Entreprises

La santé privée veut des soins privilégiés

Par Safall FALL | Edition N°:5012 Le 27/04/2017 | Partager
Elle pèse 50% des prestations de soins et des RH du secteur
IS, IR, TVA et taxe professionnelle… ce que veulent les cliniques

Ils sont en train de frapper à toutes les portes pour se faire entendre. Eux, ce sont les prestataires de soins privés, regroupés au sein de l’Association nationale des cliniques privées (ANCP). Chiffres à l'appui, ils représentent 50% du business de la santé et des emplois. Face à une croissance prévisionnelle des dépenses annuelles de santé (15%), les acteurs privés de la santé ont plusieurs projets d’investissement dans le pipe.

Plusieurs structures se positionnent. Et pour soutenir cet effort, elles appellent clairement à la «carotte». Elle  serait d’abord fiscale, évidemment. «Il y aura une augmentation de la demande en soins, et le secteur privé doit développer et diversifier son offre pour compenser le ralentissement des investissements publics dans la santé. Le secteur privé est prêt à jouer pleinement ce rôle de compensateur», explique Pr Mohamed Benaguida, président de l’ANCP.

Dans un document que nous avons en possession, la corporation veut par exemple bénéficier des mêmes incitations que celles accordées au secteur privé de l’enseignement, pour l’investissement, et à l’hôtellerie pour ses capacités de rentrées de devises. Il s’agirait d’un IS de 17,5% et d’un IR de 20% sur les cinq premiers exercices consécutifs. «Le secteur médical marocain présente un potentiel important d’accueil de patients étrangers.

Compte tenu des possibilités de développement du tourisme médical au Maroc, ce secteur devrait pouvoir bénéficier des mêmes avantages accordés aux entreprises du secteur hôtelier», précise-t-on dans le mémorandum. La TVA et la taxe professionnelle y figurent aussi en bonne place. Pour le premier type d’imposition, l’incitation serait concrètement une exonération sur les biens d’équipement pour alléger la lourdeur des investissements.

«Les prestations médicales sont aujourd’hui exonérées sans droit de déduction. Ce qui implique que le secteur, qui nécessite aujourd’hui des investissements très lourds, ne peut pas bénéficier de l’exonération de TVA sur les biens à inscrire dans un compte d’immobilisation», précise le  document. Sur la taxe professionnelle, le secteur reste assujetti au régime de droit commun qui introduit une exonération de 5 ans, à compter de la date de début d’activité.

Cet avantage s’applique également au foncier, aux constructions, aux matériels et outillages neufs. «Or, compte tenu de l’importance des investissements, la détermination de la valeur locative sur la base de 3% du prix de revient des terrains, constructions et agencements, outillages… est très pénalisante pour l’activité», soutient-on auprès de l’ANCP. 

Les exonérations demandées portent aussi sur les taxes de services communaux. «Il faut réaménager notre fiscalité à l’image de ce qui existe déjà.
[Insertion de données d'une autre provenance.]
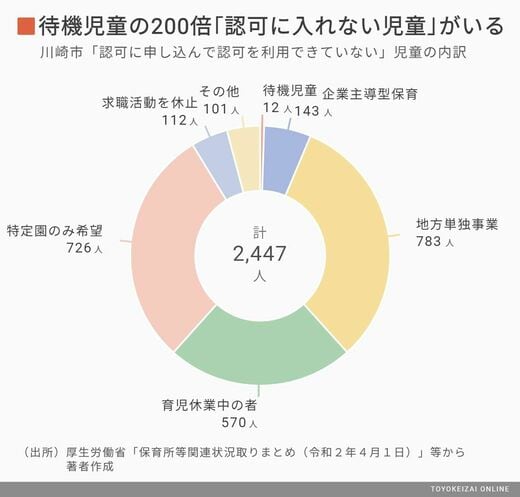 川崎市の「保留児童数」つまり「認可に申し込んで認可を利用できていない児童数」は2447人になりますが、ここから上記6つのケースに当てはまる2435人が差し引かれ、待機児童数は12人と発表されています。

Nous ne demandons pas un régime fiscal spécial, mais juste une extension des incitations à notre secteur», résume le président de l’ANCP.

Le casse-tête foncier!

Avec une moyenne de 50% du coût total de l’investissement, le foncier est un autre problème chez les prestataires de soins privés. «Il ne faut pas qu’on nous considère comme des spéculateurs, mais comme des professionnels qui assurent une mission de service public. Nous avons besoin de facilités à accéder au foncier», réclament les responsables de l’ANCP. La nécessité de modernisation des techniques et technologies de soins, ainsi que les nouvelles réglementations et exigences poussent le secteur à moderniser ses infrastructures et ses équipements.